On Dagobah, Luke crash lands in a swamp and runs across a
green, troll-like creature.
Luke tries to get rid of the pesky
little fellow, but the creature reveals himself to be 900-year-old
Yoda (pictured at left) - twenty-six inches high with pointy ears, sad eyes, and a
Hobbit-like demeanour, brought to life by Frank Oz, creator of The
Muppets.
After some convincing from the spirit of Obi-Wan, Yoda
agrees to train the headstrong young apprentice.
Back in space, Han has launched back into the asteroid field,
but the Imperial Tie Fighters are still on his tail. He takes off
for temporary refuge in old pal Lando Calrissian's Cloud
City.
After a seeming betrayal, Han, Leia, Chewie and Threepio are
led into the clutches of Vader. Luke senses their peril and leaves
his training prematurely, against Yoda and Obi-Wan's advice.

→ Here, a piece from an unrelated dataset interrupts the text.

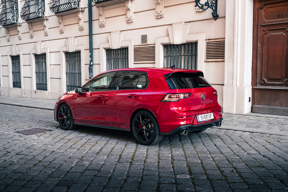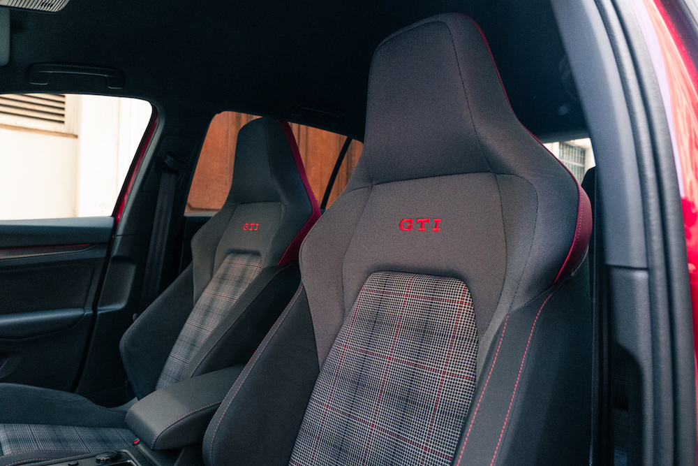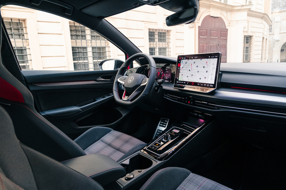 Die etwas verbreiterten Seitenschweller gehen in Heckansätze über, welche dann in einem angedeuteten Diffusor münden. Weiteres finden wir am Heck die zwei großzügig dimensionierten Endrohre der Abgasanlage, die dem GTI das nötige Sprachrohr verschafft. Nutzer dieses Sprachrohrs ist der zwei Liter große Vierzylinder-Turbomotor unter der “Kings Red” lackierten Motorhaube. Dieser produziert 265 PS und 370 Nm Drehmoment, die den Golf in 5,9 Sekunden auf 100 km/h katapultieren.

The
young Jedi-in-training arrives in Cloud City too late to save one
of his friends, instead finding himself in mortal combat with
Vader, from whom he learns a painful truth about his past.
The Empire Strikes Back ended on a fairly dark note,
setting up the final instalment in this trilogy, Return of the
Jedi, three years later.
None of this unpleasantness, of course, stopped the legions of Star
Wars fanatics from crowding cinemas around the world when The
Empire Strikes Back opened in the summer of 1980. It had been
three years since the first instalment, and the Force was still
with George Lucas' creation, pushing the new film onto the list of
all-time money-makers.
For this second (or fifth) instalment, Lucas turned over
writing and directing duties to Lawrence Kasdan and Irvin Kershner,
respectively, choosing instead to oversee things as story writer
and executive producer.
The success of the first film also allowed his team at the
newly-christened Industrial Light and Magic to create even more
impressive special effects than those found in the first film. And
again, sales of Star Wars merchandise skyrocketed, as AT-AT
walkers and Snowspeeders topped every kid's "must-have"
toy list.
The 1997 Special Edition of The Empire Strikes Back
added a few more shots of the Wampa, threw in some windows in
Cloud City and altered a few lines of dialogue, but this remained
the least changed of the three films. In the minds of many, it had
the least room for improvement.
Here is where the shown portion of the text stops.